Sex Condition #Treated PatientYears ExpectedCases**Actual Cases

F Age 30-59 490 2705 7.6 0

F High-Risk* 172 1086 7.3 0

F Age over 60 182 955 7.8 0

M Age 30-59 382 2192 12.8 1

M High-Risk* 186 1070 18.5 2
M Age over 60 157 816 18.0 1

Totals 1569 8824 72.0 4

*Hypertension and/or Hypercholesterolemia

**Compared with the Framingham Study

A total of 1560 patients were in the study. Some had been on thyroid therapy thirty years. The minimum time to qualify for comparison with the Framingham group was two years. The results show that both sexes benefited from thyroid treatment. High-risk and older patients had relative immunity. Only four heart attacks occurred instead of the expected 72. This constitutes a reduction of 94 percent.
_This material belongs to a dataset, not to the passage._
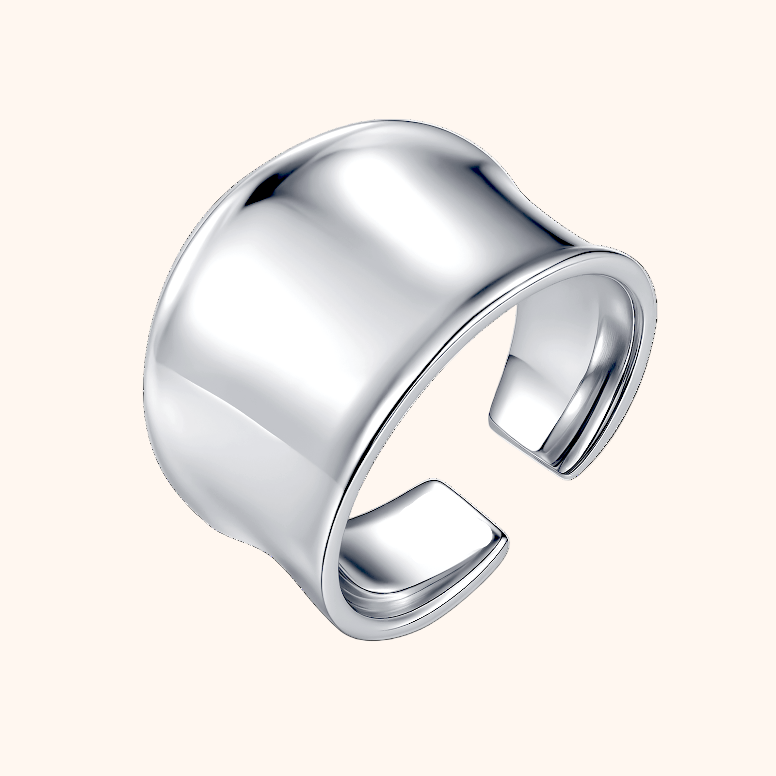The Cave Ring is a striking statement piece with a wide, asymmetrical silhouette that hugs the finger beautifully. Its smooth, mirror-polished finish captures light from every angle, adding instant elegance and confidence to your look.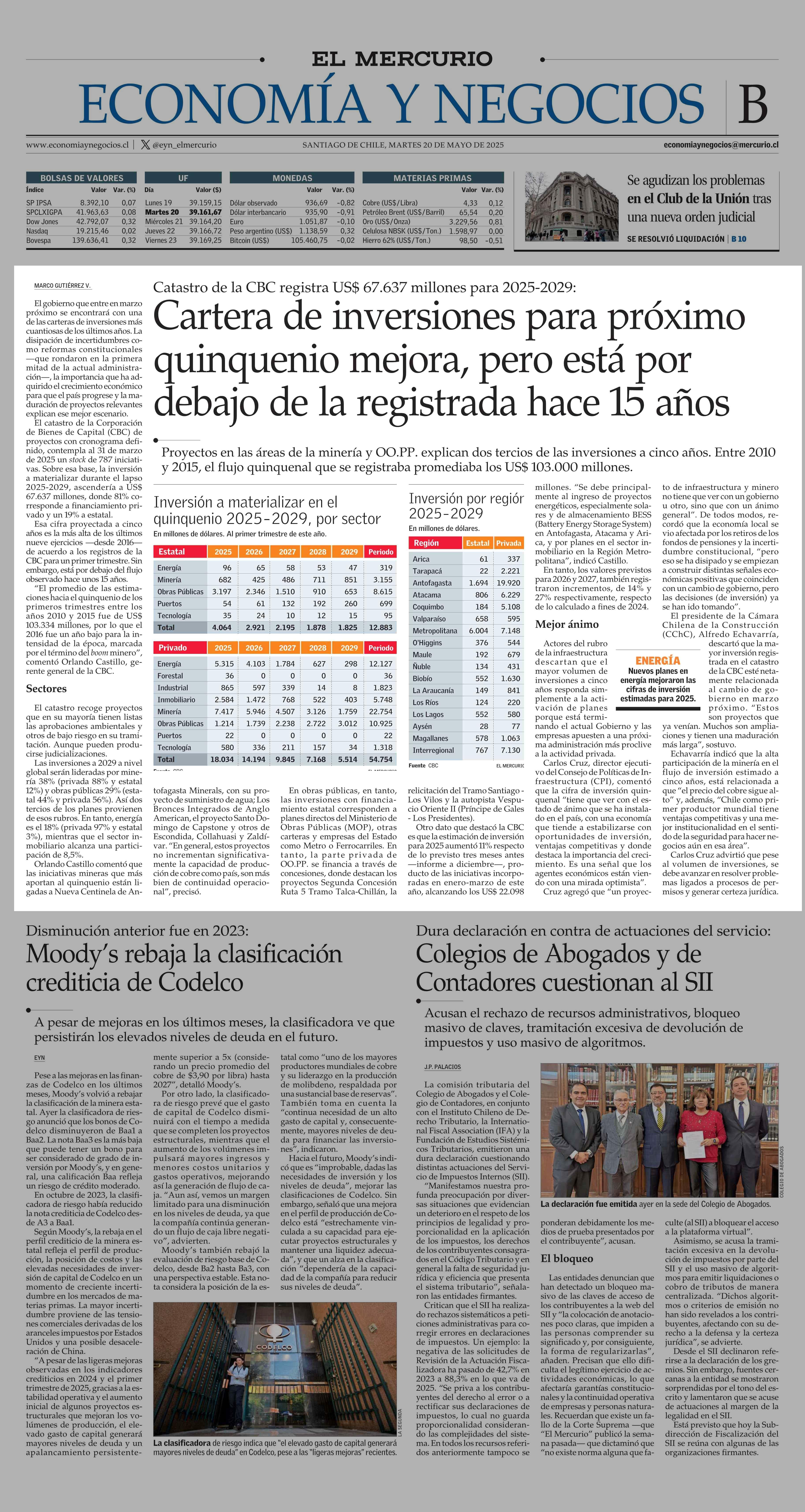 Cartera de inversiones para próximo quinquenio mejora, pero está por debajo de la registrada hace 15 años 20-05-2025 El Mercurio |

Barnes had former patients who stopped thyroid therapy. Some relocated to different areas and their new physicians refused to continue treatment. Other physicians stopped thyroid supplementation because one of the thyroid function tests was normal. Some patients stopped taking their thyroid medication when symptoms of thyroid deficiency went away.

“At least 30 fatal heart attacks were known to have occurred prematurely among those who discontinued therapy. A high percentage of young individuals in this group indicates an increased susceptibility to hardening of the arteries. Two were under the age of 30, one between 30 and 40, two between 40 and 50, and eight between 50 and 60. These were all premature heart attacks; in each instance, the individual had been diagnosed thyroid deficient several years earlier at which time there were no evidence of heart disease. Thus, 13 out of 30 dropouts had heart attacks before the age of 60; this incidence is approximately double that seen in the population as a whole. It would appear that the hypothyroid patient is more susceptible than others to the ravages of premature heart disease.”

Instead of trusting your heart to a statin, you might consider the alternative of a dessicated porcine thyroid tablet if your axillary body temperature is less than 97.8 degrees upon awakening after a good night’s sleep.